Semi-automation of large scale scientific literature review
About the project
We have collaborated with people from The Nature Conservancy to accelerate their research on Natural Climate Solutions.
Location:
United States
Industry:
Climate research
Services:
Research acceleration
Business type:
University / Non-Profit
Challenges
Evidence maps are important to guide environmental actions, such as using NCS to mitigate climate change. The problem though is that the default approach to building evidence maps is highly manual. There is no human way to review the millions of papers that could be useful. It might take a decade even for a big research team to read millions of papers. On the other hand, a fully machine learning approach is also unsuitable because there is no pre-existing, clean, robust labeled data.
Solution
Working with the Client, Lexunit co-developed a semi-supervised approach that uses machine learning to filter and organize data in a principled way and then use expert review on a representative sample of the data.

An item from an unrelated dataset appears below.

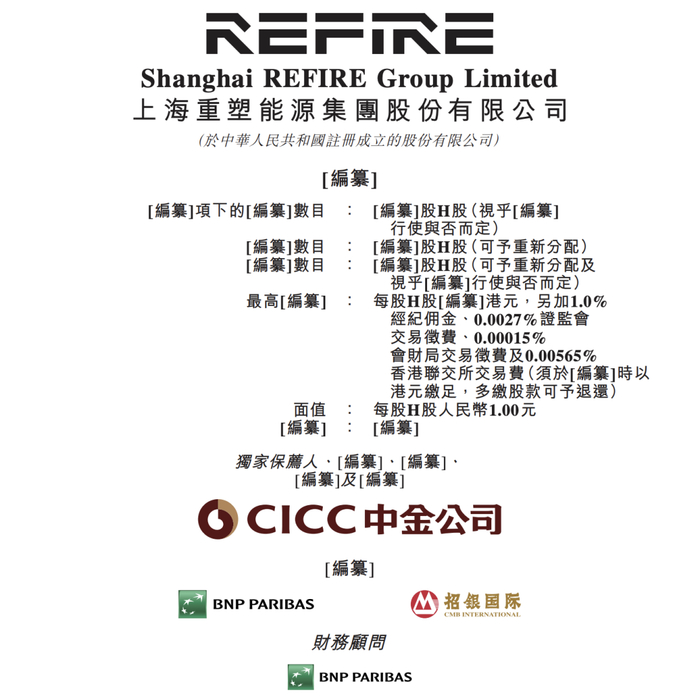 据港交所9月2日披露,上海重塑能源集团股份有限公司递表港交所主板,中金公司担任独家保荐人,法巴与招银国际为整体协调人,财务顾问为法巴。

A 5-step pipeline was created that combines machine learning and human review:
- Search and data collection
- Pre-filter articles
- Topic modeling
- Expert review
- Extract variables
The first step was to test search strings to extract data from Web of Science and Scopus, which yielded almost 2.3 million unique papers. Then these articles were pre-filtered using machine learning, which resulted in 1.28M papers. After a thorough investigation, the Client and Lexunit decided that topic modeling is the most suitable solution for the problem at hand, which is an unsupervised machine learning approach.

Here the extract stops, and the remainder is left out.